They are good parents, but the atmosphere in our family has always been noticeably "cold" and locked off from the external world. The point that family has a great influence on personality is interesting to me, because I've ended up growing very introverted as a result and sharing a number of typological features with either of them: my dad's Si-Ne preference (as well as Type 1) and my mother's valuing of Te-Fi (most likely), while being Se demonstrative. However I've ended up doing something "different" with all these traits (being Delta quadra), maturing something of a passive-aggressive personality.

I wonder why Socionists haven't studied this topic more. This is the kind of stats whoreing that I'm also madly in love with.


----------



## counterintuitive (Apr 8, 2011)

Benefit - ESE (mom - benefactor) and IEE (dad - beneficiary). Married 30 years and mostly happy I think.

So yeah, I also have a feeler dad 

These are the kind of stats I'm very interested in as well, would like to know more about nature/nurture and affect on personality type.

FWIW they produced an LSI (my brother; I think he's Ti-dom and Se >>> Ne), and an ILE (me; I finally resigned to that typing lol).

Interesting that both parents are 4D Fe and 1D Ti, while my brother and I are both Ti egos. My dad thinks I'm "nitpicking" at the first sign of logical precision, and accuses me of "trying to confuse" him when I make an argument.  If he doesn't understand, he will dismiss it. By contrast, my mom also has 1D Ti but will ask for clarification/simpler explanation if she doesn't understand a point I'm making. Could be valued/unvalued Ti difference there.


----------



## Word Dispenser (May 18, 2012)

Semi-duals. Dad's an LSE and mom's an ESI. I could be wrong on dad's typing, I haven't really had the chance to interact with him one on one in a long time. But, I'm _fairly _sure.

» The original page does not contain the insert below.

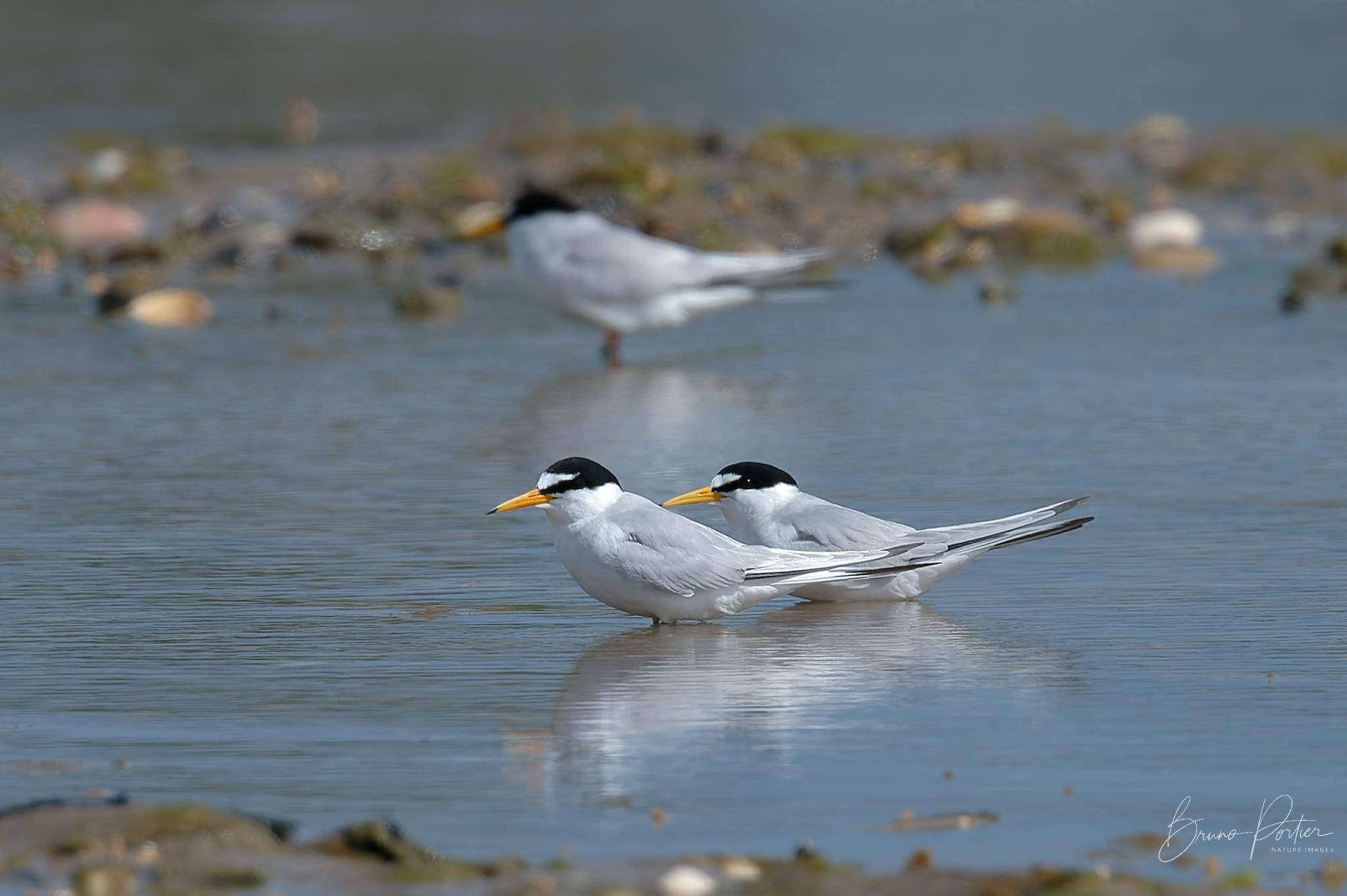 Beskrivelse: Least Tern (right bird) and Little Terns

They had a good 13 - 14 years together before they separated.


----------



## Dragheart Luard (May 13, 2013)

Mom - EII

Jerkass dad - not sure but LIE may be likely, and that didn't last long as my dad was a major asshole.


----------



## Kintsugi (May 17, 2011)

I think they might be supervision (mother - ESE, father - SLI) :/

But, honestly, I think my perception is marred by the fact that my mother is extremely unhealthy and my father is an enabler...

I'm going to say they are definitely Si-Ne types.


----------



## Inveniet (Aug 21, 2009)

My father is LSI and mother is SEI (benefit)
Their endless bickering over sensory stuff made me retreat into a bubble.
I still hate it to this day when they start that stuff.


----------



## Psithurism (Jun 19, 2013)

LSE-EII Duality. Very stable relationship. Conflict is rare and usually brief.


----------



## karmachameleon (Nov 1, 2015)

Mom is LSE (probably) and dad is SEI (probaby) they have a very boring relationship and not romantic at all, the only exciting thing that happens is that they have small fights over nothing. My mother is definitely the leader in the family, and my dad just goes along, hes a pussy. But when me and my mom fight (which is often) my dad usually tells her to stop and calm down. She's crazy.

Oh and all they talk about is like what happened today at work or how good the food is, or my dad saying "look at that cat" etc, stupid shit


----------



## Wisteria (Apr 2, 2015)

mother- ESE? 
father - SLI probably
I'm not entirely sure about my mom, but those types explain why people see Si so clearly in myself. Everyone is heavily influenced by their parents I think. They don't get along well, but i'm not sure of the reasons why that was. They've been separated for years now.


----------



## karmachameleon (Nov 1, 2015)

@Entropic what does the + mean when its either infront the title or after? like +suprv vs suprv+.


----------



## Kitfool (Oct 24, 2012)

Mom is an SEE-Fi and dad is SLI-Te. So mirage I guess? They were together about 23 years. After/during the divorce, I learned that she had cheated on him several times during the marriage, ultimately leaving him for a much older, more passionate and forceful SLE. There wasn't a lot of respect or communication in their marriage. Dad thought mom was a silly, loud, spendthrift lazy flake and mom that dad was cold, cynical, critical, selfish, boring and spineless. (All of which is basically true of both of them) 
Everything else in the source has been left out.